Some episodes were hosted by other personalities, including Sonali Chowdhury, Sneha Chatterjee Bhowmik, Ushasi Ray and Manali Dey. On certain occasions, episodes were also hosted by Ushashi Ray and Geetasri Roy.

It premiered in the year 2005, making it the longest-running Indian Bengali television series to date and the third longest-running Indian television series. The series celebrated its 16th anniversary on 9 May 2022.

Ushasi Ray first hosted the series in the Pohela Boishakh Special Episode 2021. Since then, she has hosted multiple episodes of the show, eventually hosting more episodes than Sudipa Chatterjee. From 24 January 2022, actress Tiyasha Lepcha started hosting special episodes of the show. During Rathyatra 2022, actress Sriparna Roy hosted a few episodes titled "Rathyatra Special".

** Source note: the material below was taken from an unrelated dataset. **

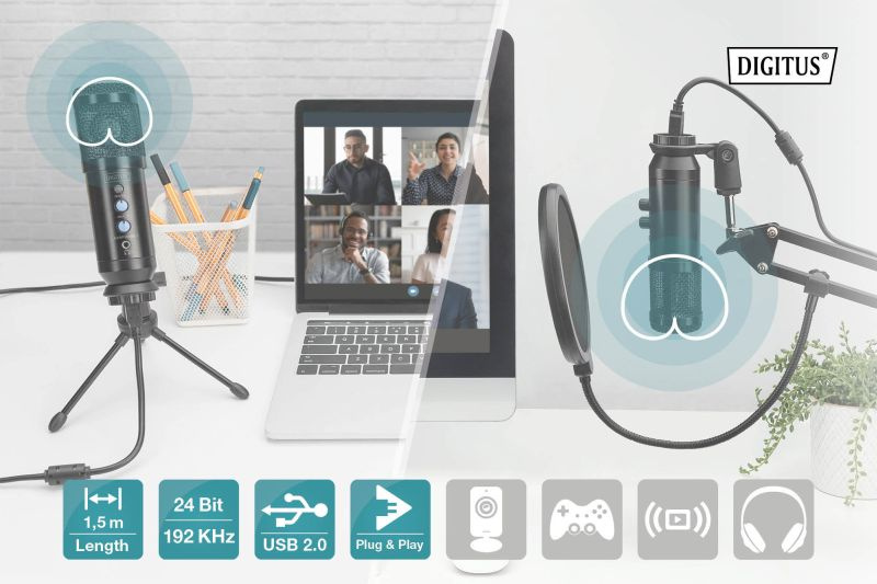 Kondenzátorový mikrofon DIGITUS USB pro PC je ideální pro nahrávání zvuku, videokonference, telefonní konference, hraní her nebo živé vysílání. Záznamový mikrofon se dodává s 1,5 m dlouhým kabelem USB a stojanem. Mikrofon podporuje směrové nahrávání s kardioidní charakteristikou, která snižuje rušivý okolní hluk. Ideální pro profesionální použití v kancelářích nebo v soukromém prostředí pro komunikaci s rodinou nebo přáteli při videohovorech, stejně jako pro hráče a streamery audia/videa.

After an unsuccessful run of the show Randhane Bandhan hosted by Gaurav Chakrabarty and Ridhima Ghosh, the show, which was eventually being hosted by Koneenica Banerjee, finally went off-air in 2026, only to be replaced by another revamped cookery show named Shashuri Boumar Rannaghor, hosted by Biswanath Basu.

==Guest appearances==
Many eminent figures of Bengal including Sourav Ganguly, Raja Narayan Deb, Srabanti Chatterjee, Tanusree Chakraborty, Koel Mallick, Usha Uthup, Rachana Banerjee, Subhashree Ganguly, Adrit Roy, Rukmini Maitra, Nusrat Jahan, Supriya Devi, Sabitri Chatterjee and many others have appeared in the show.